Noutros casos, a produtividade funciona como forma de evitar emoções. Manter-se ocupado impede o contacto com ansiedade, tristeza ou insegurança. Produzir torna-se uma estratégia para não sentir. Mas este alívio é temporário e exige níveis cada vez mais elevados de atividade para se manter. Por fim, há um padrão mais subtil: pessoas que até gostam do que fazem, mas já não conseguem distinguir entre gosto e obrigação interna. O trabalho deixa de ser apenas uma atividade e passa a ser a principal fonte de identidade. Quando param, surge um vazio difícil de explicar, não porque não tenham vida fora do trabalho, mas porque deixaram de a reconhecer.
Em todos estes casos, o traço comum não é o volume de trabalho em si, mas a relação com ele. Quando a capacidade de parar desaparece, e o descanso gera desconforto em vez de alívio, a produtividade deixa de ser saudável e começa a aproximar-se de uma forma de autoagressão.

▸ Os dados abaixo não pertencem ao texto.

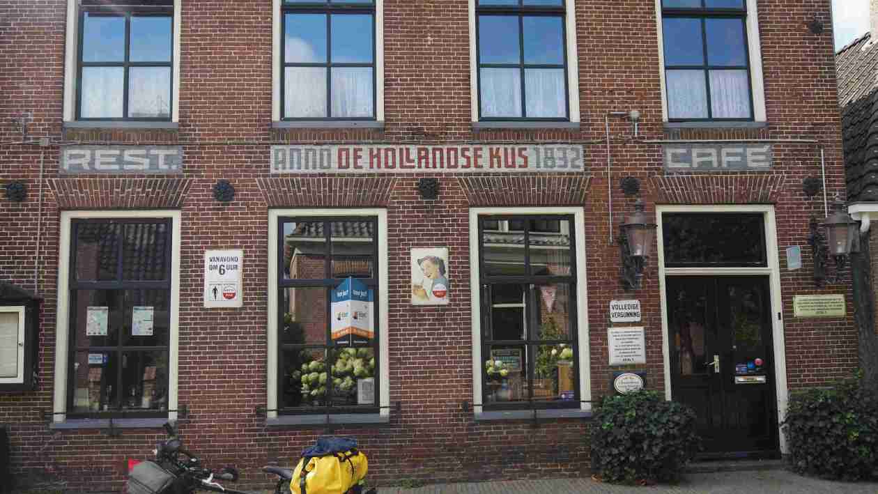 Jetzt war ich in Friesland. Westfriesland, müsste man korrekterweise sagen, um es vom deutschen Ost- und Nordfriesland zu unterscheiden. Die Architektur ländlicher Häuser unterscheidet sich zu Holland erkennbar. Pingjum war das erste Dorf mit einem historischen Brauhof, leider heute geschlossen. Ich kam an einer Raststätte für Radfahrer vorbei, ausgestattet mir einer Selbstbedienungssküche, Kaffee, Yoghurt im Kühlschrank – Vertrauenskasse. Und Toilette natürlich.
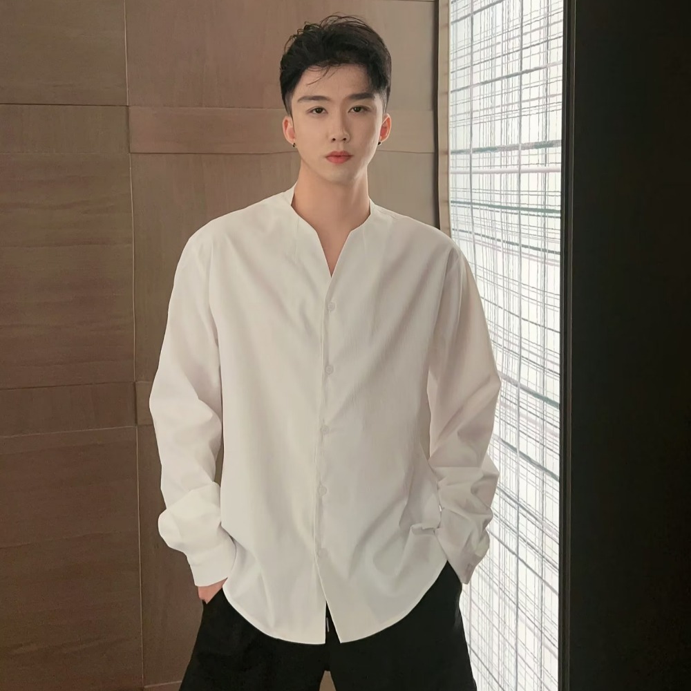『癮品流行』夏季薄款 韓版無領襯衫男長袖上衣 襯衣 設計感 簡約純色 休閒百搭 大碼寬鬆 M-3XL

O corpo como último sinal de alerta
O organismo humano não foi concebido para funcionar em modo de alerta permanente. A exposição prolongada ao stress ativa mecanismos fisiológicos de adaptação que, repetidos no tempo, comprometem o sono, o sistema imunitário e a regulação emocional. Este processo acumulativo é descrito na literatura como “carga alostática”, o custo biológico de um organismo em adaptação contínua. Uma revisão clínica mais recente documenta de forma detalhada a forma como esta carga se traduz em consequências mensuráveis para a saúde física e mental ao longo do tempo. Não raramente, as pessoas só param quando o corpo já não permite continuar.
O mais paradoxal é que este padrão é frequentemente recompensado socialmente. Quem nunca para é visto como exemplar. Quem abranda sente-se inadequado. A autoagressão não é visível nem intencional, mas manifesta-se diariamente na forma como se ignoram limites físicos e emocionais em nome da produtividade.
Produtividade sem limites não é saúde
Importa clarificar que questionar esta lógica não significa rejeitar o esforço ou a ambição de cada um. Significa reconhecer que produtividade sem limites não é sinal de saúde, pode, pelo contrário, ser um indicador de sofrimento bem disfarçado. Talvez o critério mais relevante não seja quanto produzimos, mas a nossa capacidade de parar sem culpa. Quando descansar se torna difícil, e continuar parece a única opção possível, a produtividade deixou de ser uma escolha e passou a ser uma forma silenciosa de autoagressão.